In contrast, we identify the S. paucimobilis in patients with no underlying conditions reported—22 infections and one pediatric infection. Furthermore, for 76 S. paucimobilis infections (one adult infection and 75 pediatric infections) the presence of underlying conditions is unclear. Similarly, there were 57 H. alvei infections (five adult infections and 52 pediatric infections) reported from patients with no underlying conditions. There are 114 pediatric H. alvei infections for which the presence of underlying conditions is unclear. In our opinion, the clinical context of infections with low pathogens is crucial.

The infections with S. paucimobilis and H. alvei were successfully treated in most of the cases analyzed in the present review. In our study, we identified a few deaths reported in highly debilitated patients.

An important issue in clinical laboratories is the accurate identification of bacterial species isolated from human infection by routine laboratory tests. Even the environmental species are considered opportunistic—our study shows that there are many case reports that highlight a large panel of infections with two environmental species—H. alvei and S. paucimobilis. In order to have comparative methods with the clinical reports, we chose to maintain routine methods for identification. However, the present study is part of a larger study where a huge number of cave isolates will be identified by sequence-based bacterial analysis, which was 16S rRNA sequencing by the Sanger method [9].
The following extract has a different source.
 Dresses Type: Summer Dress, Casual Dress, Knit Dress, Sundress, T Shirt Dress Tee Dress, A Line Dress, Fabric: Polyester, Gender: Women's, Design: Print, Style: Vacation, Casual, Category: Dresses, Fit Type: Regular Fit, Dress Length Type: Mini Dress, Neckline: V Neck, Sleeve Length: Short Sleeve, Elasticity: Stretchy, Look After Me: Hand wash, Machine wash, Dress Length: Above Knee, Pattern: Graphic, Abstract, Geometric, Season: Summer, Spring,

We are interested in the antibiotic-resistance phenotype of bacterial species isolated from uncontaminated environments. The issue is relevant in the context of the treatment of opportunistic infection with these species. S. paucimobilis has an innate resistance to colistin, which is a reserve antibiotic. However, there are discussions about an adequate method for testing the polymyxin B/colistin and the critical breakpoints. CLSI recommended “intermediate” or “resistant” categories do not fit the EUCAST categories (EUCAST—Colistin Breakpoints—guidance document 2021). EUCAST guidelines recommend the micro-broth dilution method to detect the resistance to polymixinB/colistin and use colistin sulphate. Although polymixinB/colistin are reserve antibiotics that are not recommended in monotherapy, the emerging of multi-drug resistant species that exhibit the resistance to colistin need adequate interpretative guidelines [17,29,99,100]. A method suitable for the routine testing of polymixinB/colistin susceptibility is of great interest and there are studies that propose alternatives to the microbroth dilution method [101].

5. Conclusions

We isolated two Gram-negative bacilli, S. paucimobilis and H. alvei, from cave samples, which were identified by conventional bacteriological methods in order to have comparable outcomes with clinical reports. We sought to review the clinical reports with the environmental species. The environmental species should not be considered contaminants without a thorough analysis.
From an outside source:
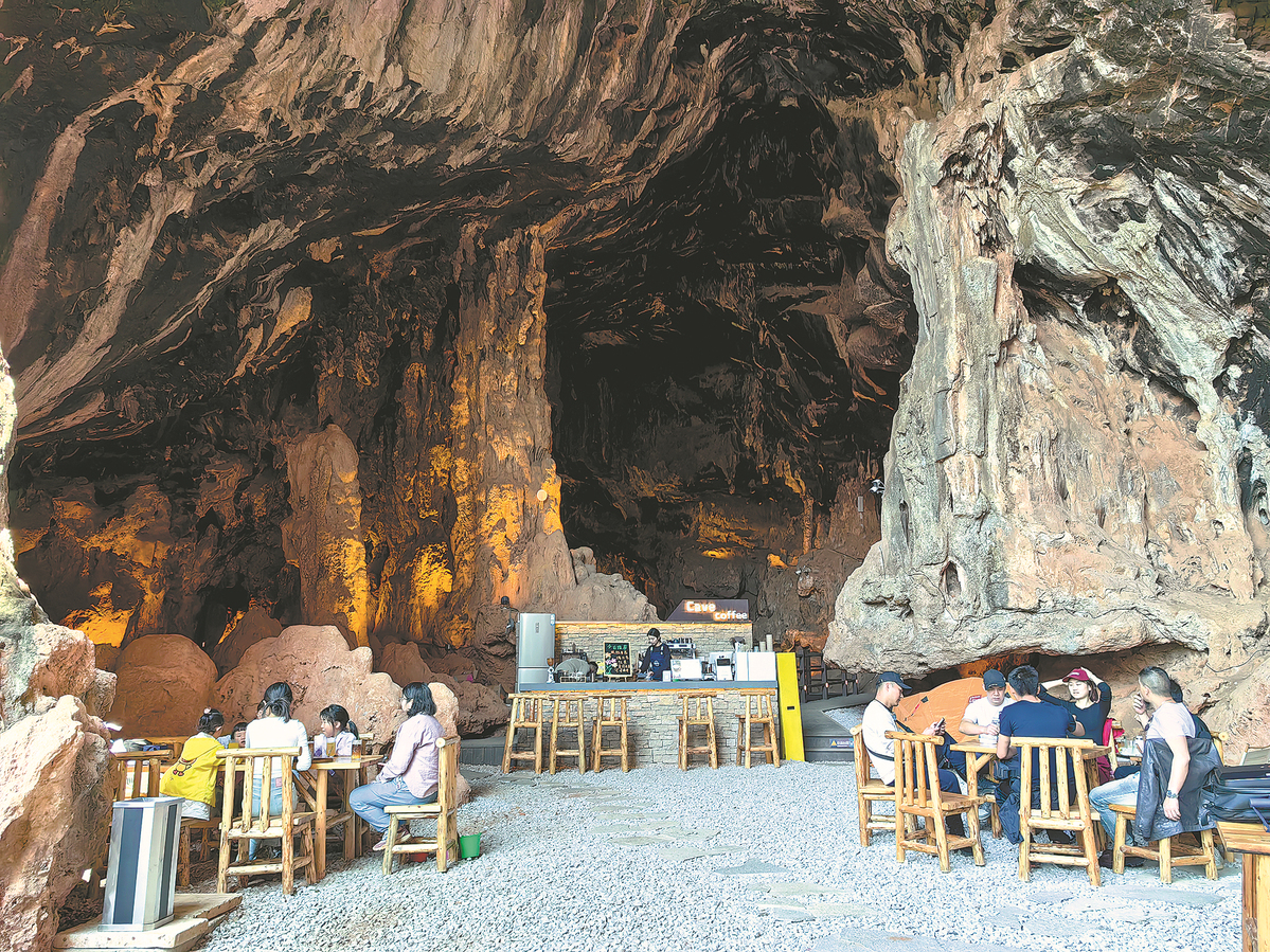 Visitors enjoy coffee at a cafe in the Gemstone Cave Scenic Area in Fumin county, Yunnan province, on March 16. JI ZHEPENG/XINHUA

Human infections with S. paucimobilis and H. alvei are rare and reported mostly in debilitated patients with underlying diseases. However, our review that included 49 references and 447 cases stressed that S. paucimobilis and H. alvei were isolated from immune-deficient and immune-competent hosts and that the source of infections is not easily determined. A deep view of the opportunistic species in their natural habitat could advance the understanding of the infections mainly in immune-competent hosts.